Purpose: The present study investigated muscle metabolism and fatigue during simulated elite male ice hockey match-play.

Methods: Thirty U20 male national team players completed an experimental game comprising three periods of 8x1-min shifts separated by 2-min recovery intervals. Two vastus lateralis biopsies were obtained either during the game (n = 7) or pre- and post-game (n = 6). Venous blood samples were drawn pre-game and at the end of the first and last period (n = 14). Activity pattern and physiological responses were continuously monitored using local positioning system and heart rate recordings. Further, repeated-sprint ability was tested pre-game and after each period.

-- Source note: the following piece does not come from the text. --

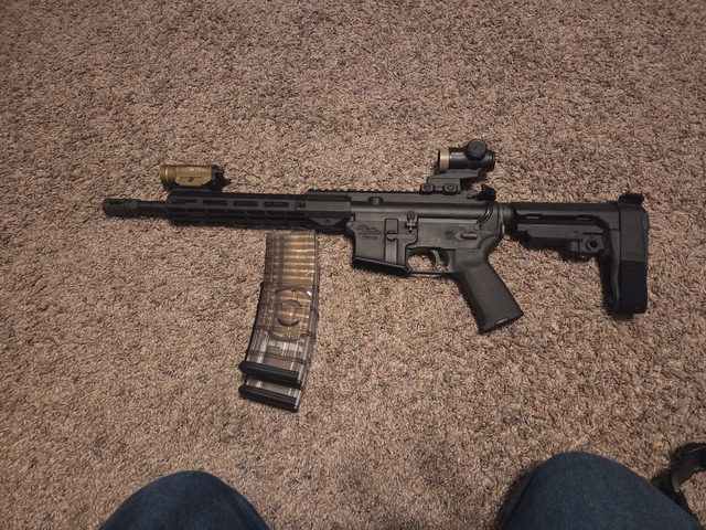 I have a like new AR pistol for sale. The Upper is from Aero precision with a 11.5 inch barrel and their Atlas handguard. The lower is from Anderson arms and has a pistol brace attached. The pistol is chambered in 5.56×45 Nato and comes with two magazines a light and optic. Price is 500.00 cash and will need to be transfered upon purchase which I will cover the cost. Text me at 7858191574.

Results: Total distance covered was 5980±199 m with almost half the distance covered at high skating speeds (>17 km·h^-1). Average and peak on-ice heart rate was 84±2 and 97±2% of maximum heart rate, respectively. Muscle lactate increased (P≤0.05) more than 5- and 3-fold, while muscle pH decreased (P≤0.05) from 7.31±0.04 pre-game to 6.99±0.07 and 7.13±0.11 during the first and last period, respectively. Muscle glycogen decreased by 53% post-game (P≤0.05) with ~65% of fast- and slow-twitch fibers depleted of glycogen. Blood lactate increased 6-fold (P≤0.05), while plasma free fatty acid levels increased 1.5- and 3-fold (P≤0.05) after the first and last period. Repeated-sprint ability was impaired (~3%; P≤0.05) post-game concomitant with a ~10% decrease in the number of accelerations and decelerations during the second and last period (P≤0.05).

Conclusion: Our findings demonstrate that a simulated ice hockey match-play scenario encompasses a high on-ice heart rate response and glycolytic loading resulting in a marked degradation of muscle glycogen, particularly in specific sub-groups of fibers. This may be of importance both for fatigue in the final stages of a game and for subsequent recovery.